Key Points
GRADE Strength of Recommendations and Implications
Grade
Implications of strong and conditional (weak)
guideline recommendations
Strong • Patients: Most individuals in this situation would want the
recommended course of action and only a small proportion would not.
• Clinicians: Most individuals should receive the recommended course
of action. Formal decision aids are not likely to be needed to help
individuals make decisions consistent with their values and preferences.
Conditional
(weak)
• Patients: The majority of individuals in this situation would want the
suggested course of action, but many would not.
• Clinicians: Different choices will be appropriate for different patients.
Decision aids may well be useful in helping individuals making decisions
consistent with their values and preferences.
Clinicians should expect to spend more time with patients when
working toward a decision.
Reprinted with permission from Sultan et al. Clin Gastroenterol Hepatol. 2013;11:329–332.

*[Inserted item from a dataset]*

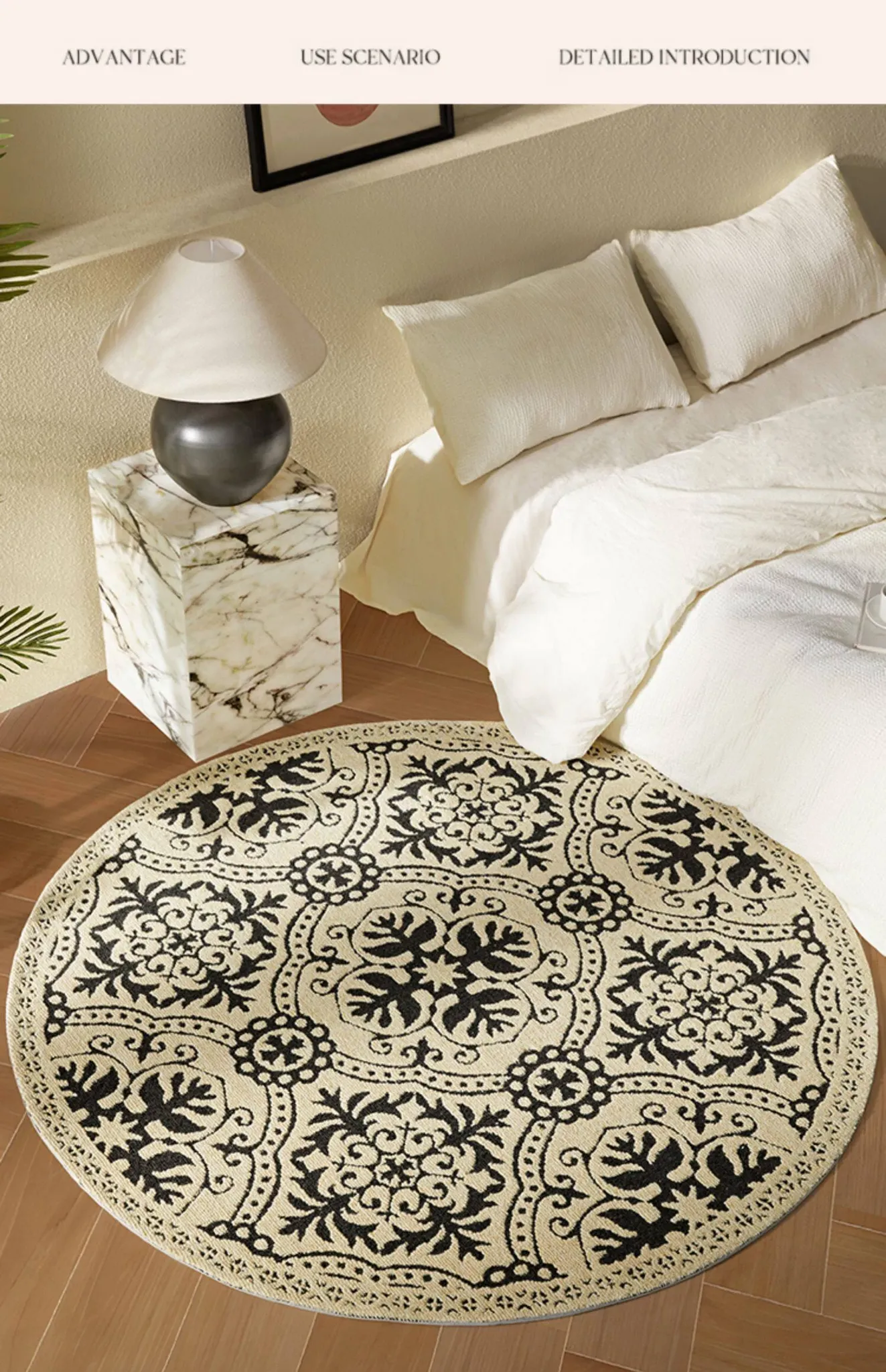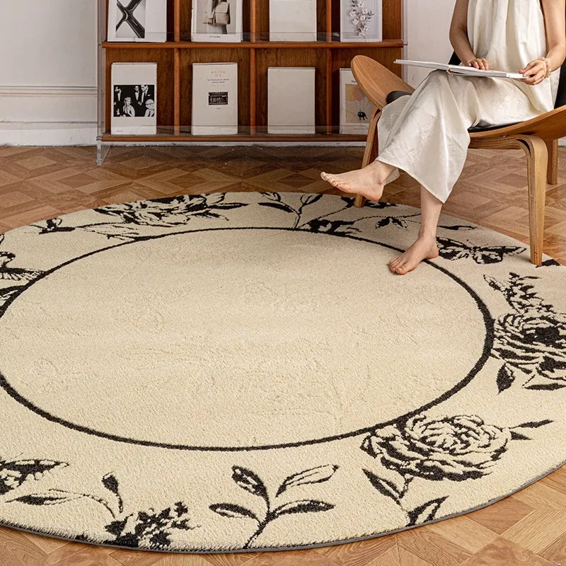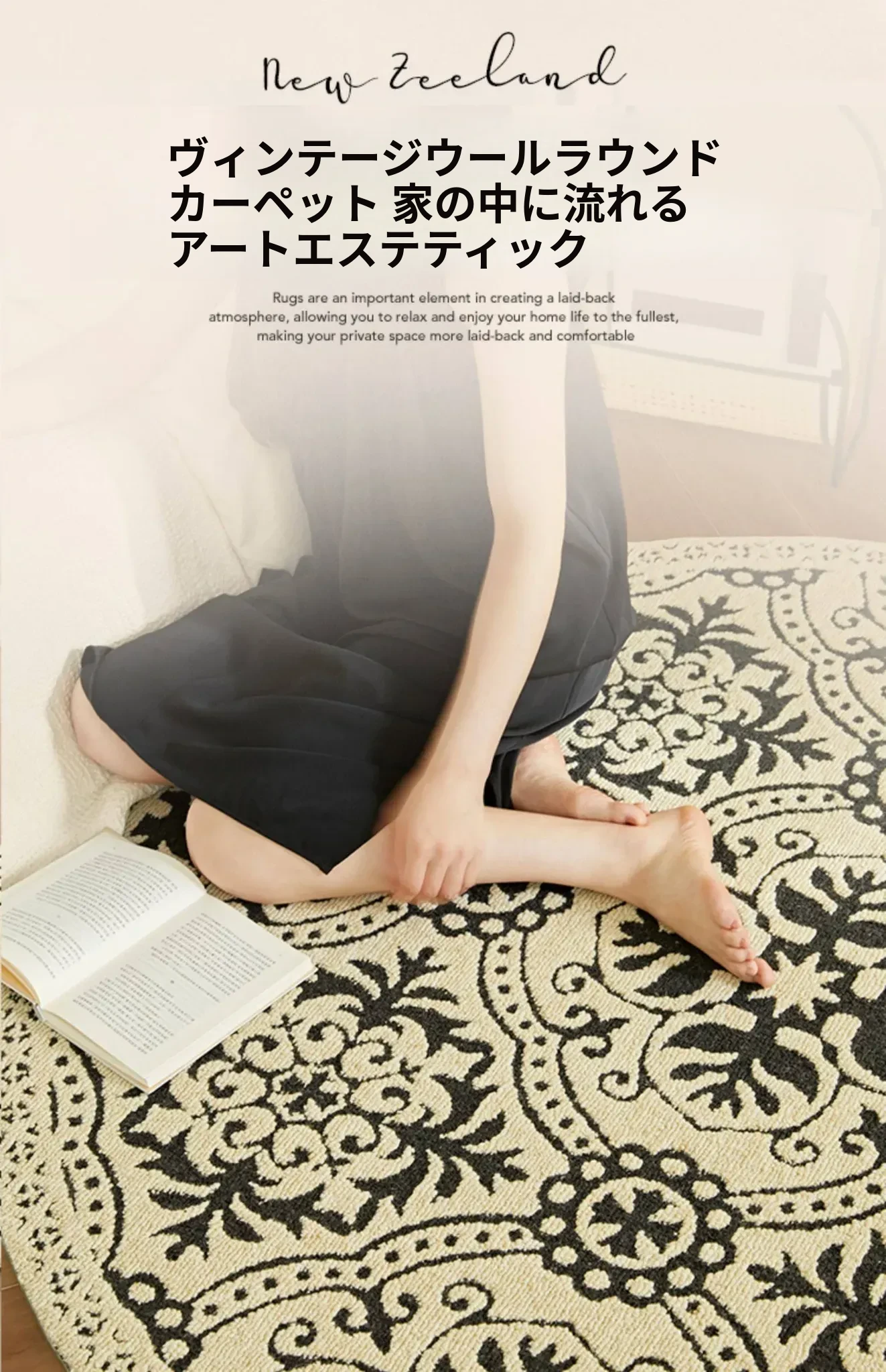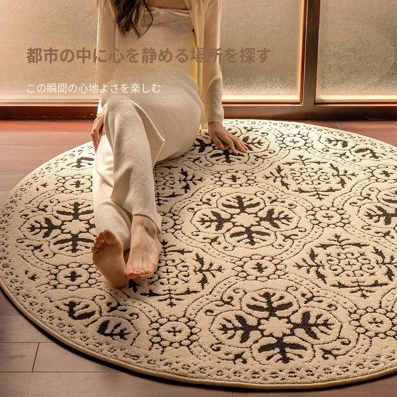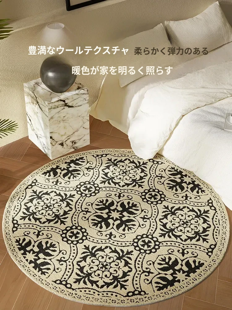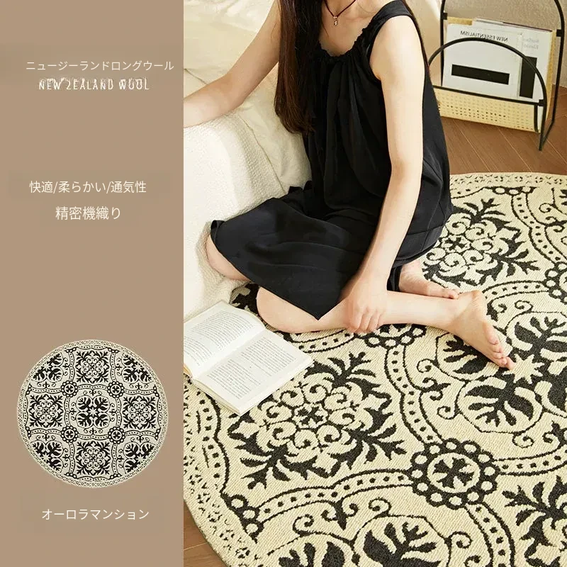 ニュージーランド産ウール製ヴィンテージラウンドカーペット|リビング・ベッドルームに最適なアメリカンスタイルのソファマット|書斎やベッドサイドにもぴったり|汚れに強く、長持ちするデザインで快適な空間を演出!

➤ Colonoscopy is used widely for colorectal cancer (CRC) screening and
surveillance and the diagnostic evaluation of symptoms and other positive
CRC screening tests.
➤ The success of colonoscopy is linked closely to the adequacy of
preprocedure bowel cleansing.
➤ Up to 20%–25% of all colonoscopies are reported to have an inadequate
bowel preparation. The Multi-Society Task Force sets a new benchmark
that at least 85% of all colonoscopies are rated as adequate on a per-
physician basis.
➤ Adverse consequences of ineffective bowel preparation include lower
adenoma detection rates, longer procedural time, lower cecal intubation
rates, increased electrocautery risk, and shorter intervals between
examinations.
➤ Consequently, the choice of a bowel cleansing regimen should be based on
cleansing efficacy first and patient tolerability second.